**Problem to solve**
Below this line are records; write out exactly the lines from the one containing "Der Makohai ist" through the one containing "De zwarte ooi", with the pictures left out.

**Recorded data**
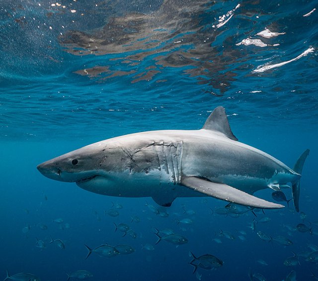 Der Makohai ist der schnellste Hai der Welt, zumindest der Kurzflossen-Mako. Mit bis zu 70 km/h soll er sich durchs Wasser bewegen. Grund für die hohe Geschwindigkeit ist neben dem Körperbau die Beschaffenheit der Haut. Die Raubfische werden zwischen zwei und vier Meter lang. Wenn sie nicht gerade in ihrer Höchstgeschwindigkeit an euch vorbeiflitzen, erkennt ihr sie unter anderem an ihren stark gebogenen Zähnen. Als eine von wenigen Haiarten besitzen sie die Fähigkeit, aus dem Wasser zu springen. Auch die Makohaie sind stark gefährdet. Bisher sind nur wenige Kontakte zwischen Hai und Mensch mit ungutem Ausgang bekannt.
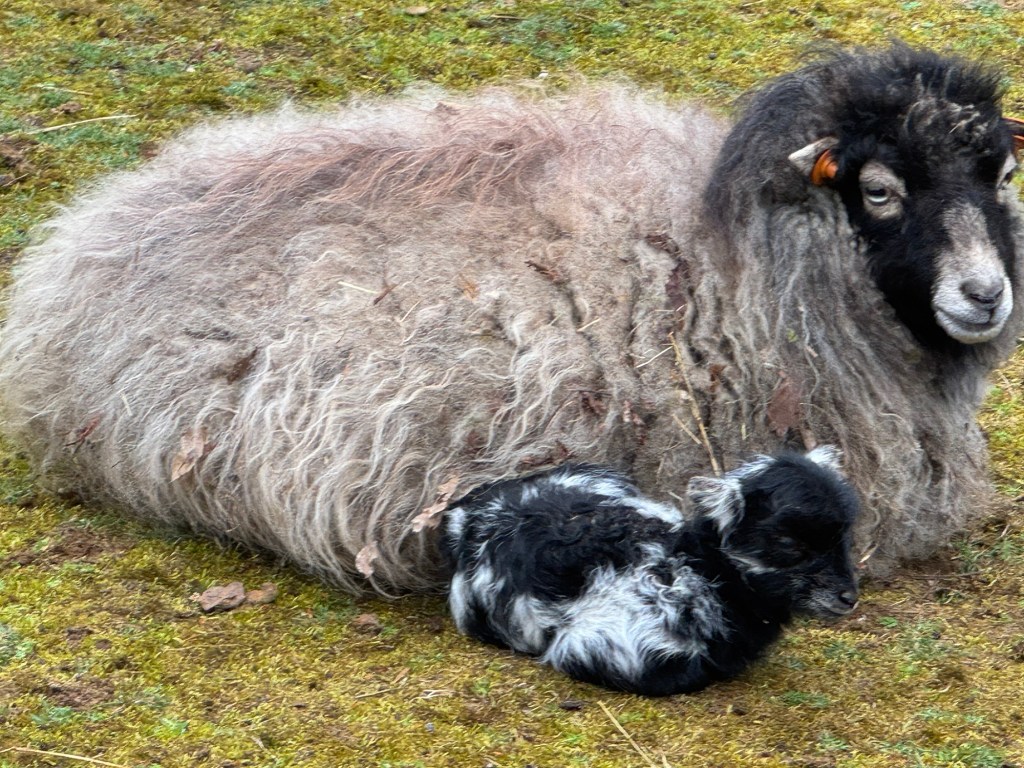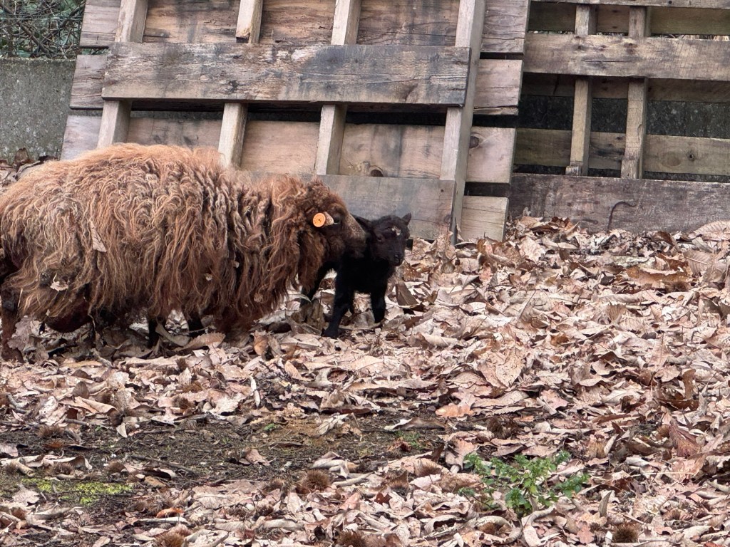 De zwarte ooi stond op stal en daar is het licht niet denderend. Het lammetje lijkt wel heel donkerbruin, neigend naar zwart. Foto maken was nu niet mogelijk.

* * *

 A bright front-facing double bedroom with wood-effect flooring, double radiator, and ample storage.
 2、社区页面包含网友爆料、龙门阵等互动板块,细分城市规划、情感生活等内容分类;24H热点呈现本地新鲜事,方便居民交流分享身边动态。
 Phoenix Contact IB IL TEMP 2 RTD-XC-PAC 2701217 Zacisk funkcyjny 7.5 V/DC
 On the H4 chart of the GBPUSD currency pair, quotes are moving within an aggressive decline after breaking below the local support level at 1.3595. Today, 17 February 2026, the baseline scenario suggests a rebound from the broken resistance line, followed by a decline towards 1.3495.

**Response to this exercise**
 Der Makohai ist der schnellste Hai der Welt, zumindest der Kurzflossen-Mako. Mit bis zu 70 km/h soll er sich durchs Wasser bewegen. Grund für die hohe Geschwindigkeit ist neben dem Körperbau die Beschaffenheit der Haut. Die Raubfische werden zwischen zwei und vier Meter lang. Wenn sie nicht gerade in ihrer Höchstgeschwindigkeit an euch vorbeiflitzen, erkennt ihr sie unter anderem an ihren stark gebogenen Zähnen. Als eine von wenigen Haiarten besitzen sie die Fähigkeit, aus dem Wasser zu springen. Auch die Makohaie sind stark gefährdet. Bisher sind nur wenige Kontakte zwischen Hai und Mensch mit ungutem Ausgang bekannt.
 De zwarte ooi stond op stal en daar is het licht niet denderend. Het lammetje lijkt wel heel donkerbruin, neigend naar zwart. Foto maken was nu niet mogelijk.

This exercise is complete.